== THE DATA

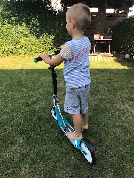 Kleine Details wie eine neue Baggerschaufel und ein Sandbohrer rundeten alles ab und ich war total aufgeregt als ich alles am Abend vor seinem Geburtstag vorbereitete.Der Prinz fährt ja noch kein Fahrrad. Er mag das Treten nicht so richtig und wollte lieber einen Roller. Wir suchten also einen Roller der für die ganze Familie geeignet ist, da wir zum Einen das auch mal ausprobieren wollten und zum Anderen, der Prinz sehr groß ist und die meisten Roller mega schwer. Bei Hudora wurden wir fündig. Ein Aluminium-Roller der bis 100kg belastbar ist und einen tiefen Einstieg hat. Er ist super leicht und wirklich hübsch. Ja was soll ich sagen.
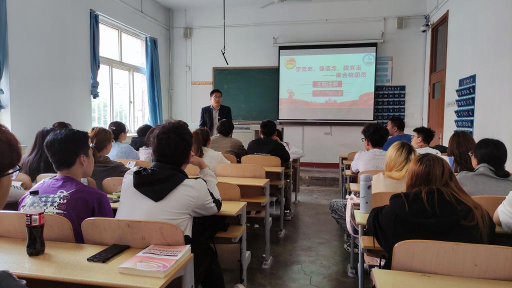 会上,李浩传达了校党委书记马连湘在《感悟思想伟力坚定文化自信——争做德智体美劳全面发展的社会主义合格建设者和可靠接班人》主题思政课的精神。随后,从中国共产党诞生的国内国际背景、中国共产党百年党史的四个历史阶段两方面,对党的百年历史进行了系统讲述。他指出中国共产党的诞生要从国内和国际两个维度去理解把握,从中国近代历史发展的进程看,它是中国近代历史发展的必然产物,是中华民族谋求复兴的历史结果。全体团员青年要从“中国共产党为什么能、马克思主义为什么行、中国特色社会主义为什么好”的角度出发,不忘初心、牢记使命,坚定对马克思主义的信仰,坚定走中国特色社会主义道路的信心,为实现新时代党的历史使命不懈奋斗。
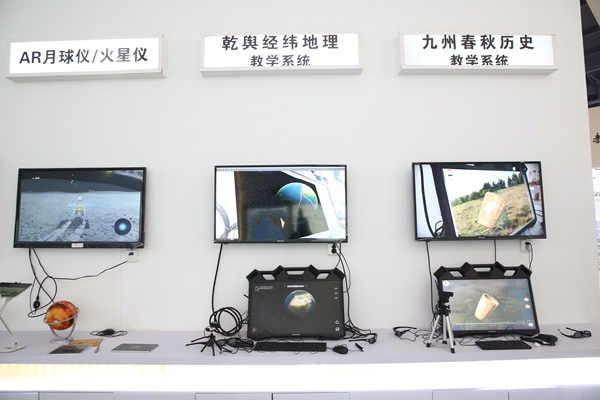 史地教室是羿飛教育的王牌項目,一直以來都備受行業(yè)關(guān)注。此次現(xiàn)場展出數(shù)字歷史沿革系統(tǒng)、互動演示實驗、AR地理沙盤、數(shù)字立體地形、數(shù)字模型、交互式3D多媒體教學(xué)系統(tǒng)等。除此之外還有乾輿經(jīng)緯地理教學(xué)系統(tǒng)、九州春秋歷史教學(xué)系統(tǒng)、以及首次亮相的AR月球儀、AR火星儀、AR夢想地理堂、黍律千秋歷史秤等。

====

▶ _EXERCISE OBJECTIVE_:
All of the listing is to be written out exactly, with the pictures left out.

▶ _EXERCISE RESULT_:
 Kleine Details wie eine neue Baggerschaufel und ein Sandbohrer rundeten alles ab und ich war total aufgeregt als ich alles am Abend vor seinem Geburtstag vorbereitete.Der Prinz fährt ja noch kein Fahrrad. Er mag das Treten nicht so richtig und wollte lieber einen Roller. Wir suchten also einen Roller der für die ganze Familie geeignet ist, da wir zum Einen das auch mal ausprobieren wollten und zum Anderen, der Prinz sehr groß ist und die meisten Roller mega schwer. Bei Hudora wurden wir fündig. Ein Aluminium-Roller der bis 100kg belastbar ist und einen tiefen Einstieg hat. Er ist super leicht und wirklich hübsch. Ja was soll ich sagen.
 会上,李浩传达了校党委书记马连湘在《感悟思想伟力坚定文化自信——争做德智体美劳全面发展的社会主义合格建设者和可靠接班人》主题思政课的精神。随后,从中国共产党诞生的国内国际背景、中国共产党百年党史的四个历史阶段两方面,对党的百年历史进行了系统讲述。他指出中国共产党的诞生要从国内和国际两个维度去理解把握,从中国近代历史发展的进程看,它是中国近代历史发展的必然产物,是中华民族谋求复兴的历史结果。全体团员青年要从“中国共产党为什么能、马克思主义为什么行、中国特色社会主义为什么好”的角度出发,不忘初心、牢记使命,坚定对马克思主义的信仰,坚定走中国特色社会主义道路的信心,为实现新时代党的历史使命不懈奋斗。
 史地教室是羿飛教育的王牌項目,一直以來都備受行業(yè)關(guān)注。此次現(xiàn)場展出數(shù)字歷史沿革系統(tǒng)、互動演示實驗、AR地理沙盤、數(shù)字立體地形、數(shù)字模型、交互式3D多媒體教學(xué)系統(tǒng)等。除此之外還有乾輿經(jīng)緯地理教學(xué)系統(tǒng)、九州春秋歷史教學(xué)系統(tǒng)、以及首次亮相的AR月球儀、AR火星儀、AR夢想地理堂、黍律千秋歷史秤等。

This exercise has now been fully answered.